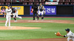 [OSEN=고척, 지형준 기자] 24일 오후 서울 고척스카이돔에서 ‘2020 신한은행 SOL KBO리그’ 포스트시즌 한국시리즈 6차전 NC 다이노스와 두산 베어스의 경기가 열렸다.7회초 1사 2,3루에서 두산이 김재환의 2루땅볼로 26이닝 만에
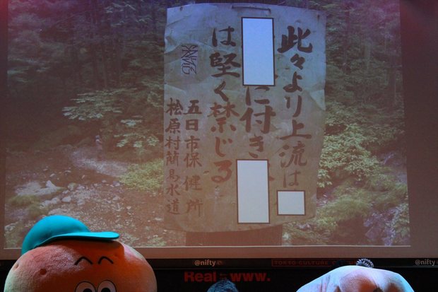 ・此処より上流は【 】に付き【 】は固く禁じる(檜原村に実際にある看板)
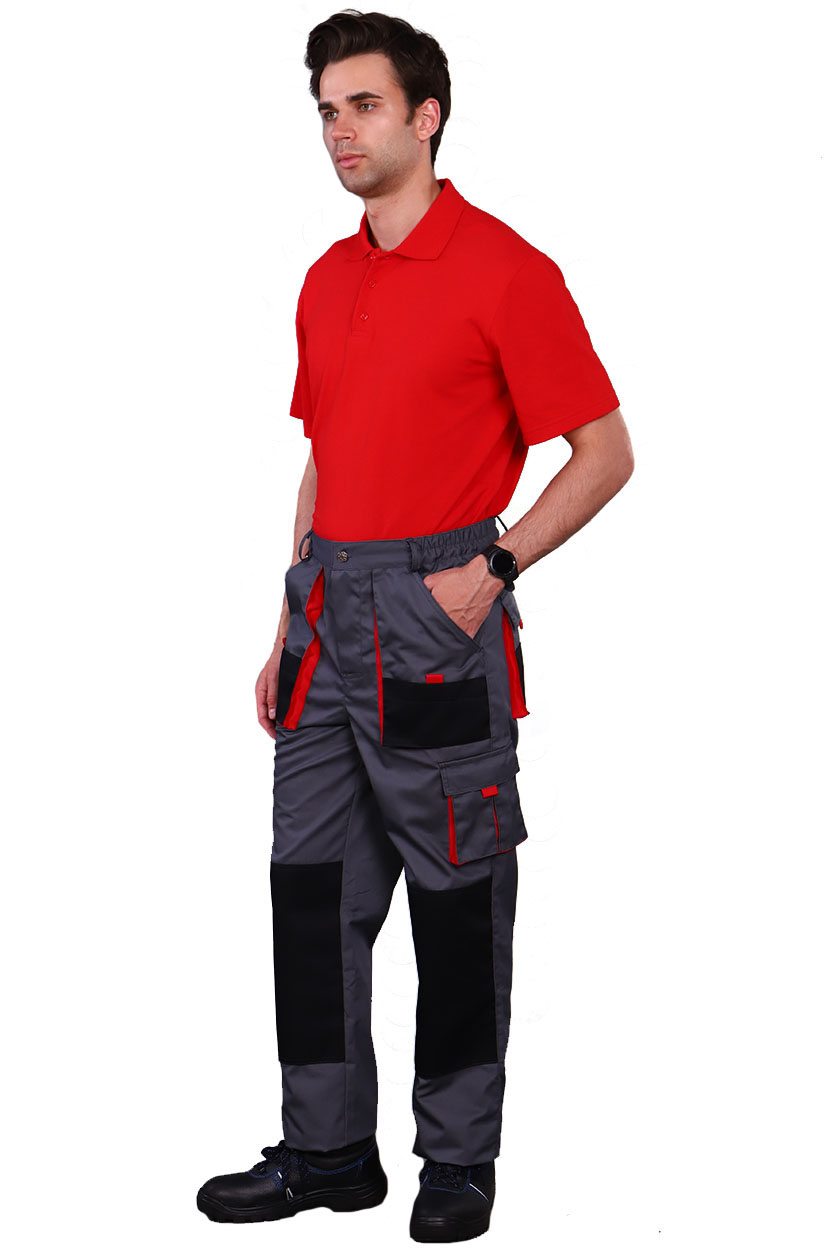 Брюки мужские с застежкой гульфика на тесьму «молния» и притачным поясом. Передние половинки брюк с двумя боковыми накладными объемными карманами с фигурным входом, с наколенниками. Наколенники со входом для амортизационных накладок.
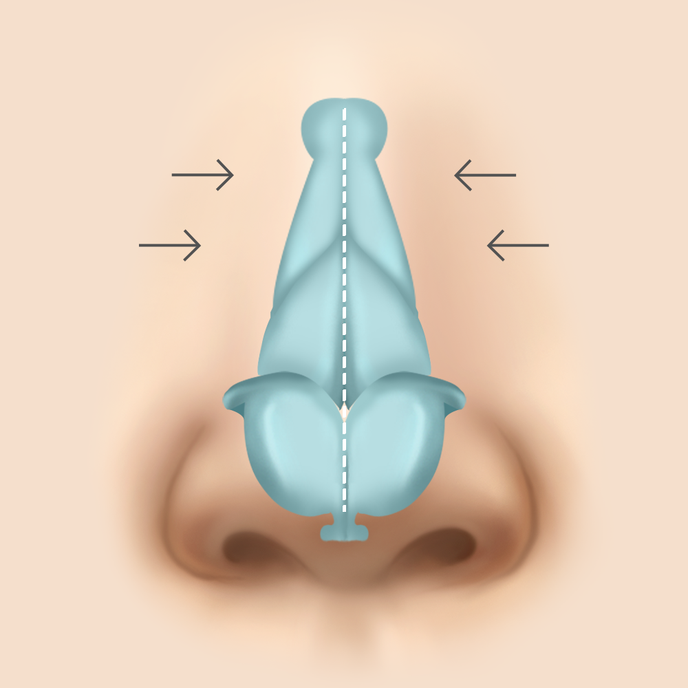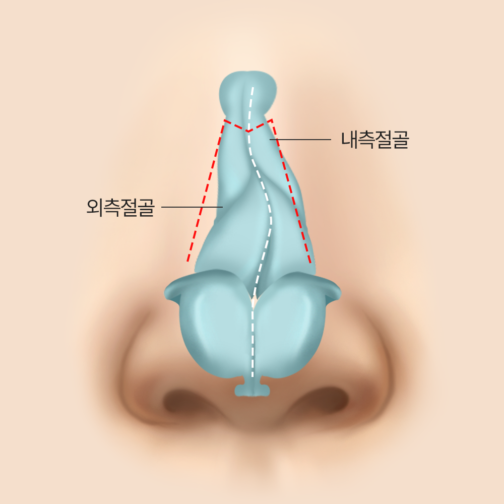 한 쪽 콧구멍을 좁게 만들어 발생하기 때문에 비중격 연골을 교정하는 수술을 겸하게 됩니다.
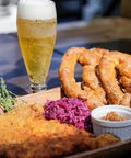 Oktoberfest: Pork Schnitzel, Homemade Pretzels, Braised Red Cabbage, & Warm Apple Crisp
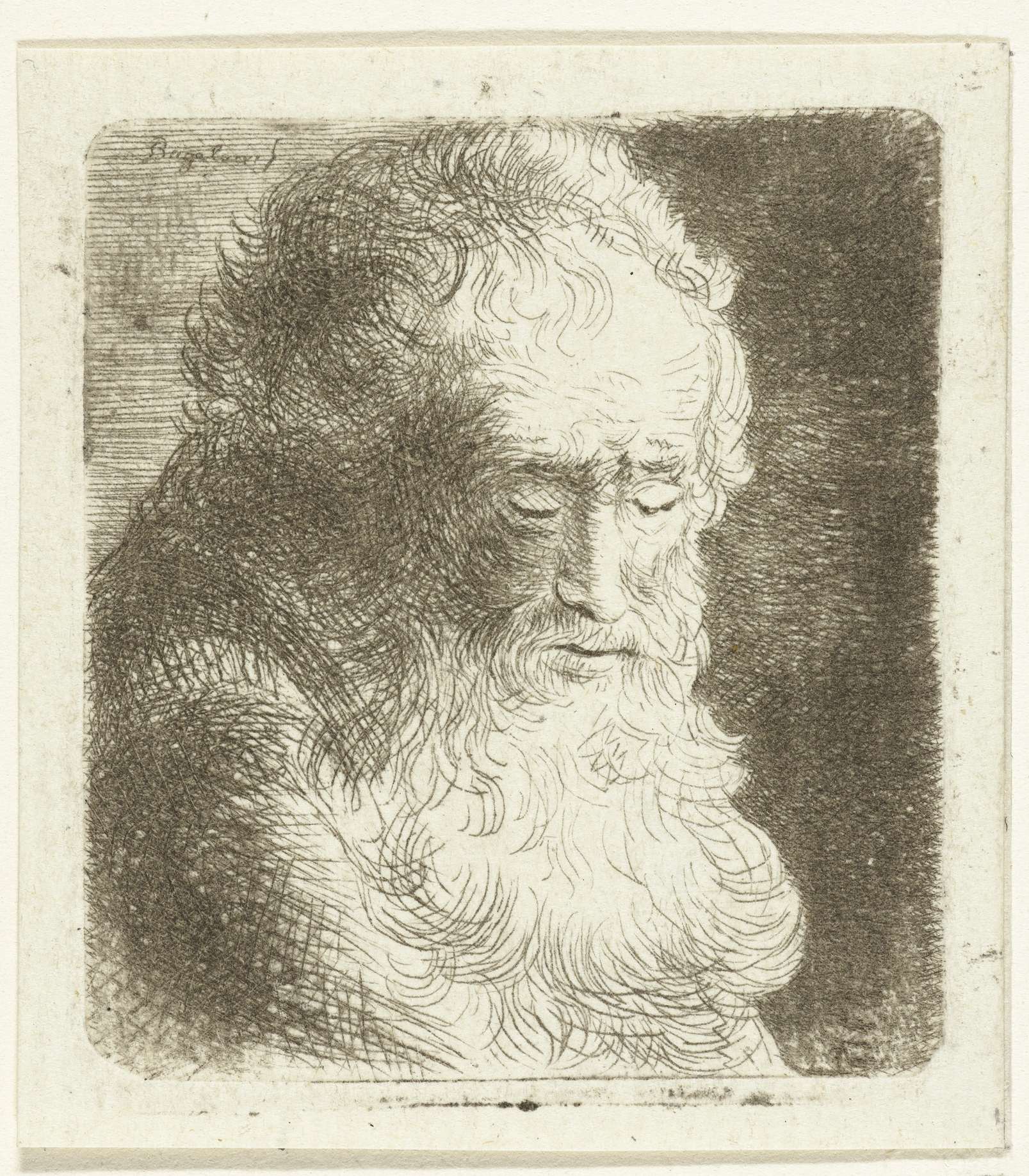 Oude man met baard met de blik naar beneden gericht:...
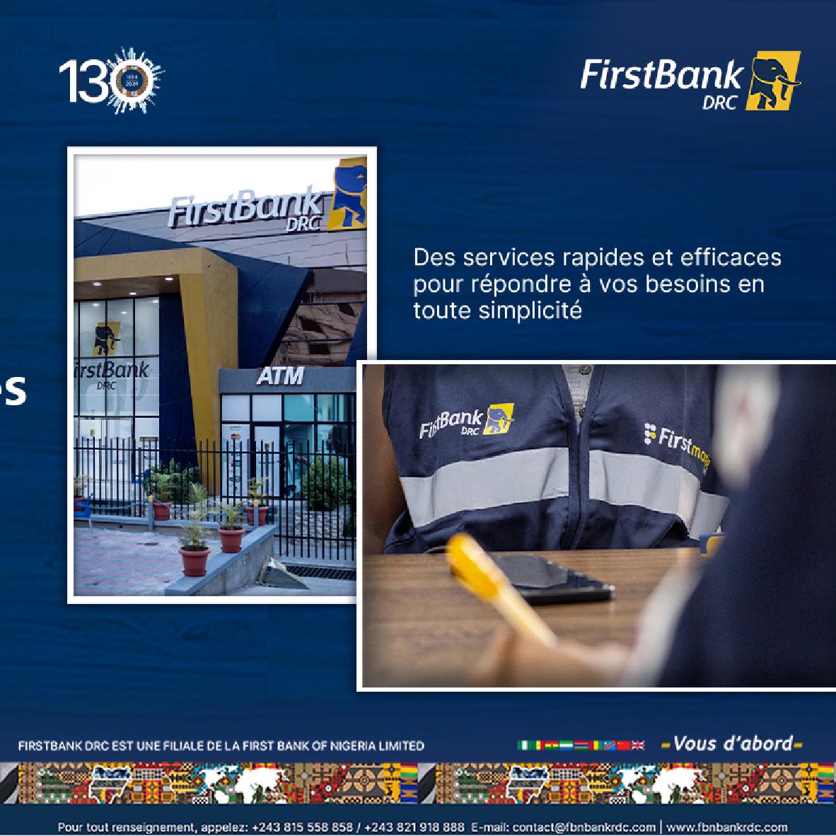 First Bank DRC SA (First Bank) est l’une des banques les plus prestigieuses de la République Démocratique du Congo, qui contribue au développement économique du pays depuis 1994. Malgré les nombreuses transformations qu’elle a subies au fil des années en raison des défis économiques, politiques et réglementaires de la RDC, elle est restée résiliente, digne de confiance et dynamique.
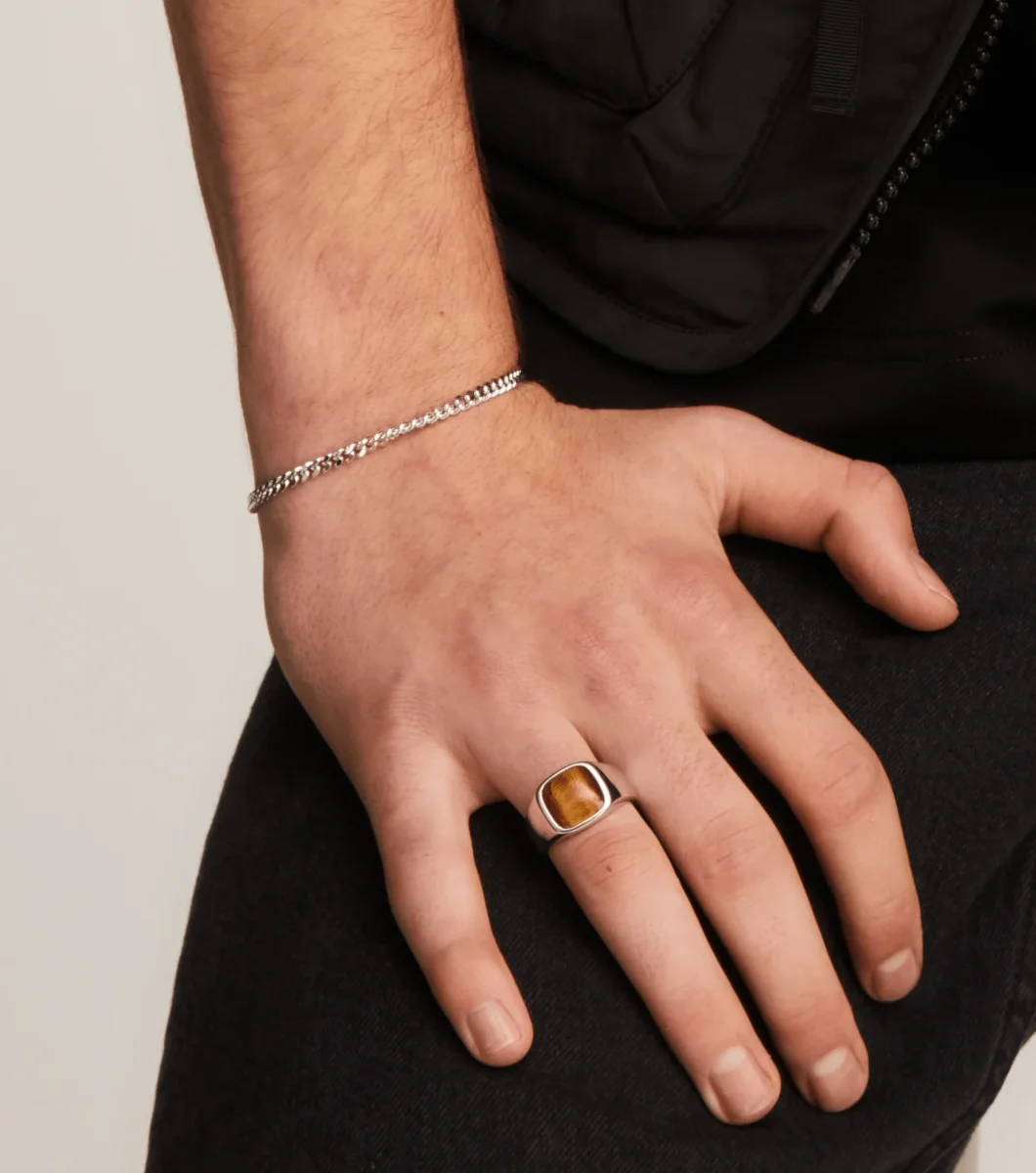 Unisex signetring med mjuka kanter och en Tiger Eye natursten.
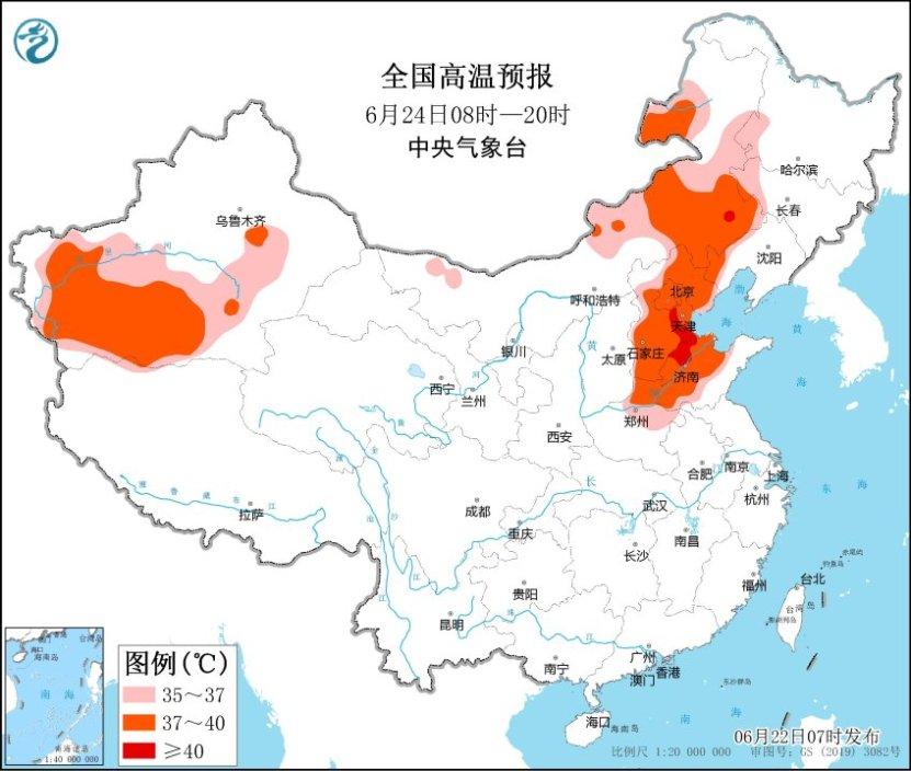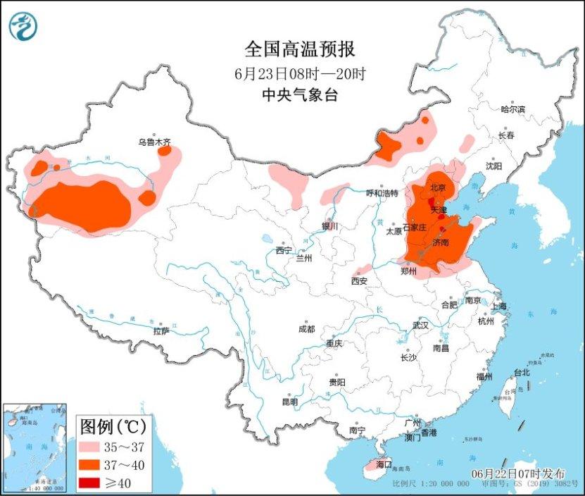 其中,今天白天,北京、天津、河北、河南北部、山東、安徽北部、江蘇北部、新疆南疆盆地和吐魯番盆地、內蒙古西部和東南部、遼寧西部等地將有35~37℃高溫天氣,其中,新疆南疆盆地、內蒙古西部、河北中南部、北京、天津、山東中西部、河南北部等地部分地區最高氣溫37~39℃,局地可達40℃以上。
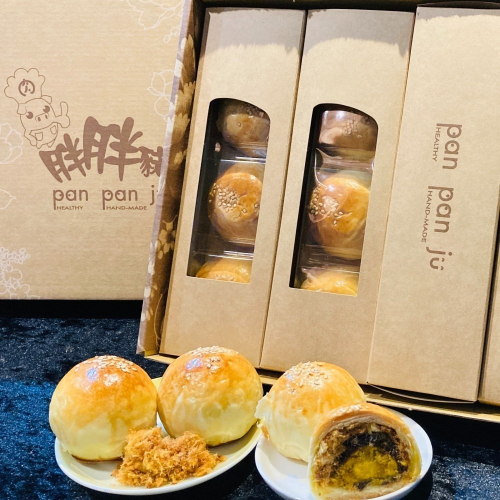 ▶被客人說我們的肉鬆蛋黃酥太大顆,可以做小顆一點嗎!?小豬用的可以真材實料呢,裡面整顆鹹蛋黃加滿滿的蔬果肉鬆,內容量足足有70克,勝過市面上一般35公克,2倍量當然是要包好包滿。為了滿足顧客的需求,在不影響品質上的狀況下真的是難以更改,因為這是小豬精心研究的最佳黃金比例。
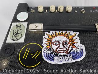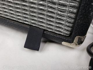 Has power, tested instrument input, knobs, buttons, all appear to be functioning as intended. Aux in headphones out is untested. Comes cosmetic wear from use, stickers. 16" H x 15.5" W x 11" D.
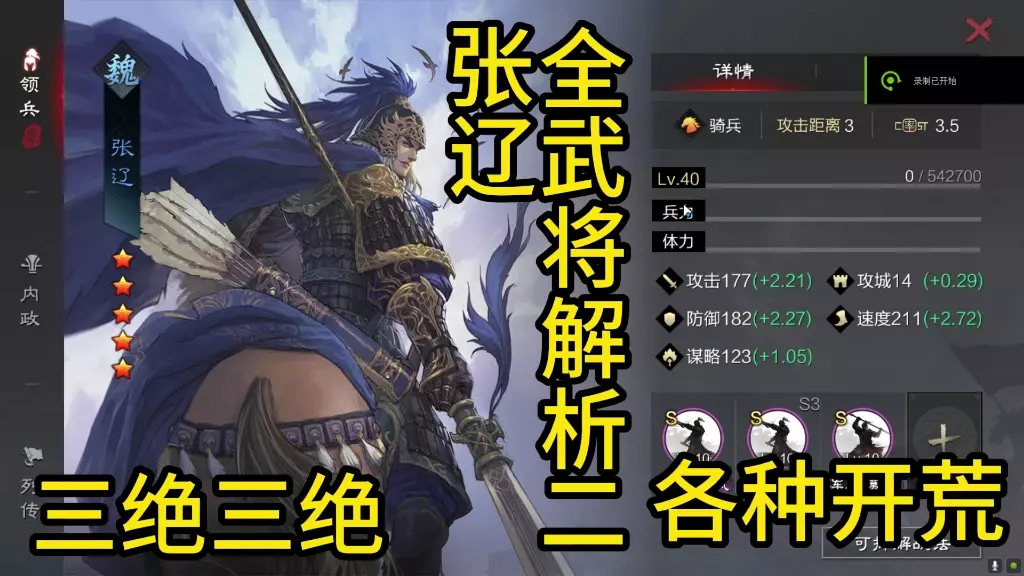 这是《率土之滨》的武将攻略,介绍了魏阵营五星武将张辽,他是游戏里的强力增伤武将,携带锋矢可增伤50以上,搭配战法攻其不备能将增伤拉到100加,还展示了张辽的属性面板。
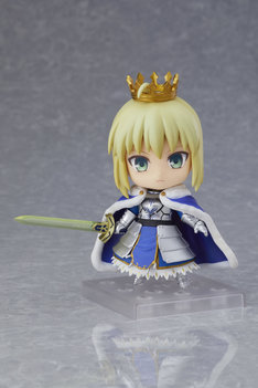 2016年7月に発売された「ねんどろいど セイバー/アルトリア・ペンドラゴン」の復刻版で、一部仕様の異なるこのアイテム。表情パーツには凛々しい「通常顔」、雄々しい「叫び顔」、優しい「笑顔」の3種が用意された。また「約束された勝利の剣(エクスカリバー)」「全て遠き理想郷(アヴァロン)」「風王結界(インビジブル・エア)」「宝具発動用シート」といったオプションパーツに加え、「アホ毛付き王冠パーツ」や「マントパーツ」も付属する。
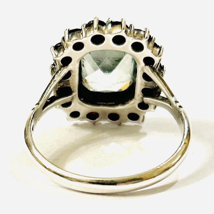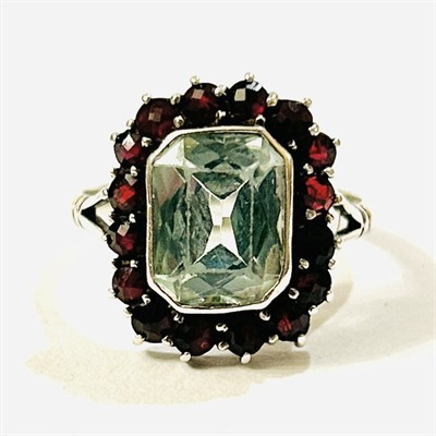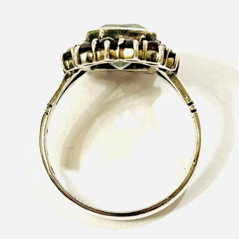Elegantní prsten z období art-deco, hlavice osazena centrálním modro-zeleným kamenem obdélného brusu, rámováno českými granáty kulatého šachovnicového brusu, fasováno obrubou a zrnkovou technikou. Tuzemská granátnická práce z 30. let 20. století. Zhotoveno z nezlaceného stříbra o ryzosti 900/1000; prvorepublikový punc S-46 (slovenské trojvrší 3), ryzostní číslo a mistrovská značka zevnitř šíny. Hmotnost 3,98 g, velikost 58, délka hlavice 17 mm, šířka 19 mm. Centrální kámen lehce uvolněný a podřený, nehrozí však vypadnutí, stopy nošení, celkově v dobrém stavu.
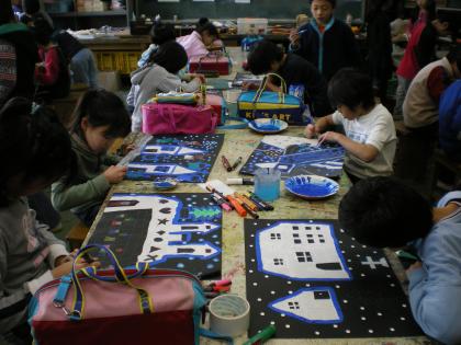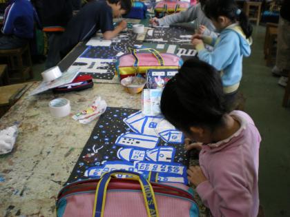 今、図工ではテープ、絵の具などを用いて、児童が考える「氷の世界」を描いています。家や広場、そして学校まで氷で出来ています。カラフルに描かれていて、とても暖かい感じがする作品ばかりです。
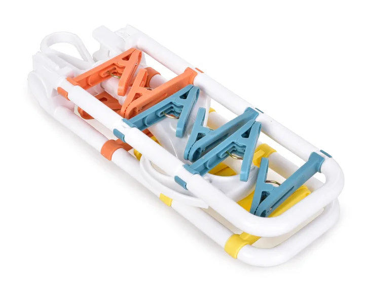 ŠTIPCOVNÍK skladací vešiak s 12 farebnými štipcami na bielizeň
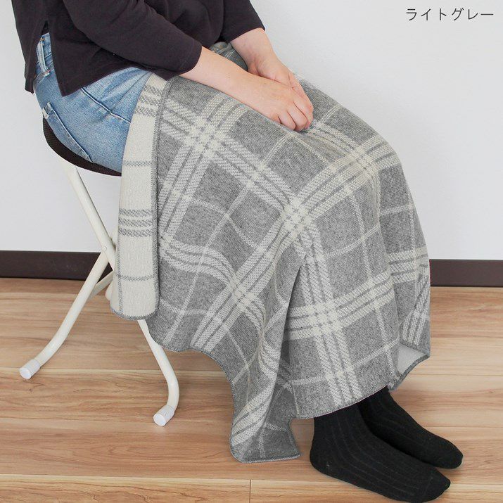 カシミヤ100%チェック柄ブランケット
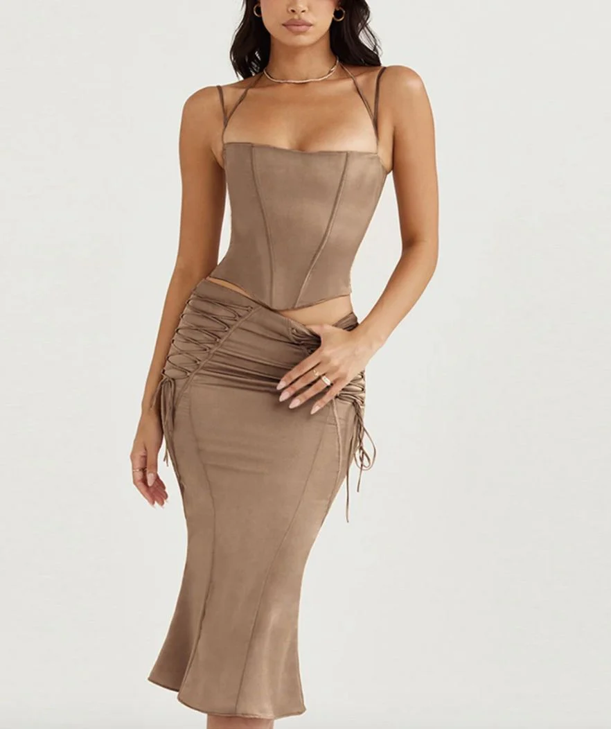 Ses fronces au niveau de la jupe et ses lacets serre-taille donnent un style original à ce bel ensemble. Le tout est confectionné en tissu Satin et Spandex pour flatter les courbes et sublimer votre silhouette de printemps. Portez l’ensemble avec une jolie veste noire pour un look plein de charme et de classe incarnée !

###

**ABOUT THIS TASK**. From the records above, return exactly the lines running from the one that contains "Oude man met" down to the one that contains "Unisex signetring med", both included, without any pictures.

**RESULT OF THE EXERCISE**.
 Oude man met baard met de blik naar beneden gericht:...
 First Bank DRC SA (First Bank) est l’une des banques les plus prestigieuses de la République Démocratique du Congo, qui contribue au développement économique du pays depuis 1994. Malgré les nombreuses transformations qu’elle a subies au fil des années en raison des défis économiques, politiques et réglementaires de la RDC, elle est restée résiliente, digne de confiance et dynamique.
 Unisex signetring med mjuka kanter och en Tiger Eye natursten.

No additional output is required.